А жизнь течет, как старенький мотив
И смерть стоит за каждым поворотом.
И в сотый раз твердишь себе уже:
“Аз есмь адам, замешанный на глине…”,
Пока Москва в сентябрьском мандраже
Рифмуется в таком-то падеже
Сама с собой в речном аквамарине.
Не выйти из воды ее сухим,
Как серебристых струн не береди ты.
Пусть сам ты мим и жизнь твоя как дым —
Суди нас бог, кто более судим —
Есть музыка невнятная другим
И небеса нездешние разлиты.
Вoзвращение
И.Бродский
Косые льдины прут как танки.
И гений русского надсада
По зайцам лупит из берданки.
Дела идут, контора пишет.
Пенсне Лаврентий в пальцах крутит.
Бессмертный бог лежит — не дышит.
Никто будить его не будет.
Привыкший к видам запредельным,
В душе не балую холуя;
А с чемоданчиком картонным
К тебе, отудобев, иду я.
А в чемоданчике — газета
(В ней снимок траурный, нечеткий)
И томик старого поэта,
И кое-что по мелочевке.
Я прохожу вдоль рельсов, морщась,
Перебирая четки пальцев.
И вечность чувствую на ощупь,
Как ткань, распятую на пяльцах.
Идет весна в порядке бреда
Среди российского надрыва.
И все идет своим порядком.
И я к тебе полжизни еду.
Проходит родина, мелькая
По старым тюрьмам в стиле ретро.
Проходит молодость, моргая
Сырыми, серыми от ветра.
Всегда теряюсь я, прохожий,
Перед лицом слепой развязки.
Но это хлебово — от бога.
И не канает за отмазки.
Проходит время как конторщик,
Мне руку жмет, во всем цивильном.
Оно — крамолы заговорщик
На рождестве любвеобильном.
Проходит жизнь, каная мимо.
Проходит смерть — свое не выдаст.
Проходит Волгой пароходик
Вчера, давно, непоправимо.
И ты не жди меня былого,
Когда вернусь я, замирая,
Пройдя к тебе через полмира,
На полуслове…
* * *
Иосиф Бродский
Безразличной просвирни, сугубый пиджак сибарита
Под шинелью Фомы, где средь прочих оплеванных спин,
То ли злая мишень, то ль бубновая метка нашита.

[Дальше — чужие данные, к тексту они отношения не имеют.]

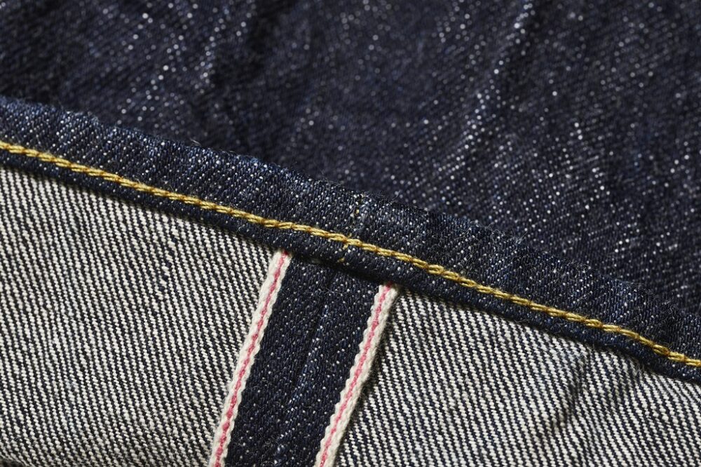 15.5oz.の児島産の生機のセルビッチデニムを使用。洗濯と乾燥によって生地がグッと縮まり、アウトシームに抜群のアタリが出てくるのが楽しみだ!

Поелику мигрень, — среднерусской словесности птах
Не по аглицкой фене над строчкой забытою бьется.
Как об стену горохом. И слышится эхо в горах.
(Никогда не узнаешь чем слово твое отзовется.)
Где ты ныне блазнишь фрау Музу, с грехом пополам
Выбираясь зрачком из пернатого хора наружу,
Аполлон подворотен, живущий по всем адресам;
На пиру праотцов с кем баюкаешь вещую душу?
Иль барыгой угрюмым, забывшим свою Гефсимань,
Выходя из-за туч и впадая в безмолвье, как в ересь,
Наблюдаешь закат сквозь стакана туманную грань.
Разминувшись с землею (точнее сказать — разуверясь
В землянике молвы, что красна ли едва на миру),
Пустяком пятаков — вверх орлами — от райской таможни
Откупиться ль душе, чтоб звездою упасть на юру,
Где, чем крест тяжелей, тем уже умереть невозможней.